Credit Linked Note

Picture of Giovanni Campodall'Orto

Giovanni Campodall'Orto

1. Current situation of the market interest rate

The bond titles are debt instruments used as government entities or companies to gather capital. When an investor buys bonds, he lends money to the issuer in exchange of periodic payments of interest of interest and refund of the nominal value upon expiry. The interest rate for a bond, also known as voucher, represents the investor’s profit. This rate can be fixed, remaining unvaried for the whole duration of the bond, or variable, changing based on specific indexes or referral rates.

The bond market is influenced by different factors such as central banks politics, inflation, economic expectations and the dynamic between demand and offer. The changes within interest rates have a direct impact on existing bond prices: a rise of interest rates tends to reduce prices, while a decrease makes them rise.

These aspects of interest rates within bonds are fundamental when considering the Credit Linked Note, which are financial tools structured to combine a bond with a credit derivate. A CLN revenue is tied to the credit risk or a referred entity such as a company or a government. For this reason, interest rates influence the CLN both by the bond component and indirectly. as they influence the perception of credit risk. Moreover, the interest paid by a CLN is usually higher than a simple bond. 

The investors often use CLN as diversification tool, thanks to their exposition to credit risks which are different than traditional bonds. Comprehending interest rates is crucial to evaluate risk and potential CLN revenue.

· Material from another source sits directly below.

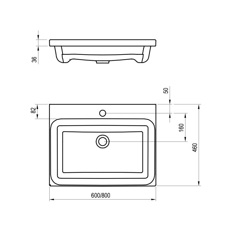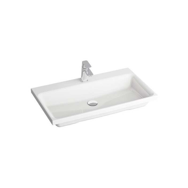 Praustuvas, Matmenys - 800x460x30 mm, Įleidžiamas į spintelę, Baltos spalvos, Iš keramikos, Be persipylimo, Su skyle maišytuvui, Tinka šiuolaikiniams vonios kambariams, 5 metų garantija

In the current context of financial markets, the recent data on revenue curves and interest rates trends play a fundamental role, mainly when considering complex products such as CLN. A needed starting point is the spread analysis between Treasury titles USA by 10 and 2 years, which as of January 5th 2024, sat at -0,35%. This negative spread is meaningful as it shows a reverse trend within revenues, a phenomenon often connected to economic slow downs or recessions.

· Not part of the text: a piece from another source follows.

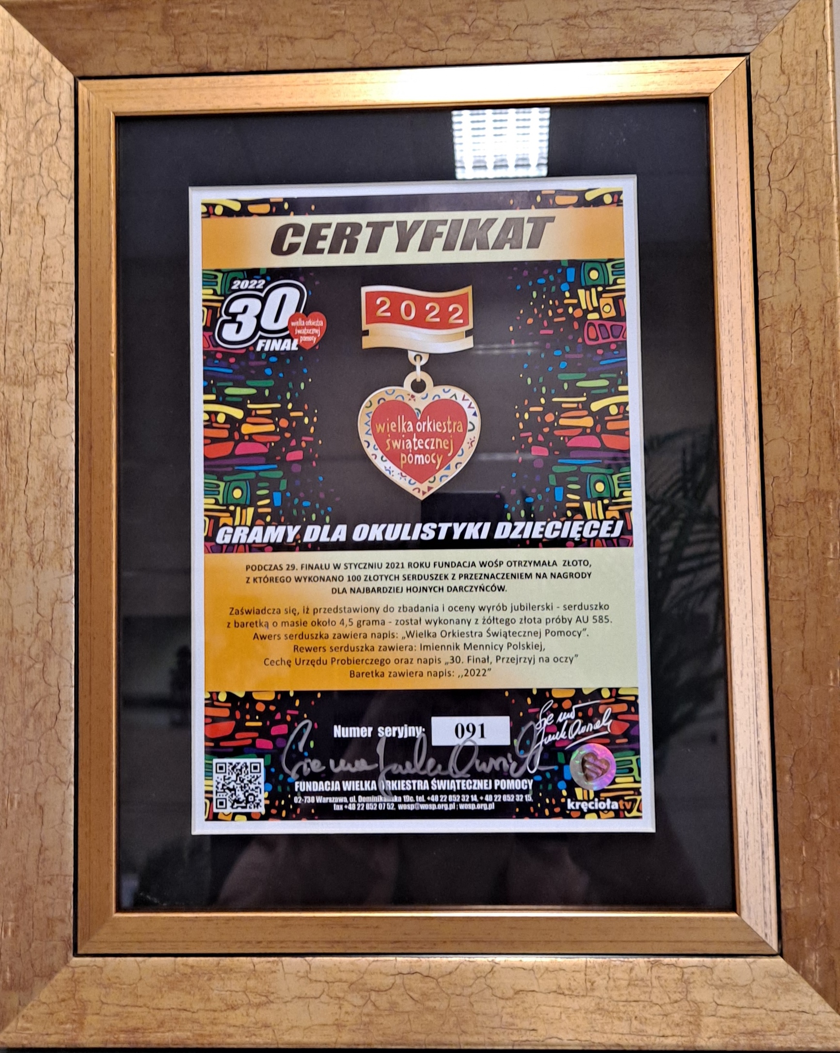 Podczas 30. Finału WOŚP w Koninie zostało uroczyście wręczone, zakupione przez Spółkę "Złote serduszko" za kwotę 10 000 zł, które odebrał Prezes Zarządu Henryk Drzewiecki wraz z reprezentacją pracowników. Pracownicy zakładu zbierali również pieniądze do puszki, przypomnijmy, że tegorocznym celem zbiórki było wsparcie okulistyki dziecięcej.

A relevant data is the USA Treasury Bond revenue by 10 years, which used to be 4,05% on January 7th, 2024. Such interest rate is a crucial point for the global bond market, influencing a wide range of financial instruments, including CLN. The Treasury Bond revenue is monitored very carefully by the investors, as it reflects not only inflation expectations and economical growth but also monetary politics put in place by central banks.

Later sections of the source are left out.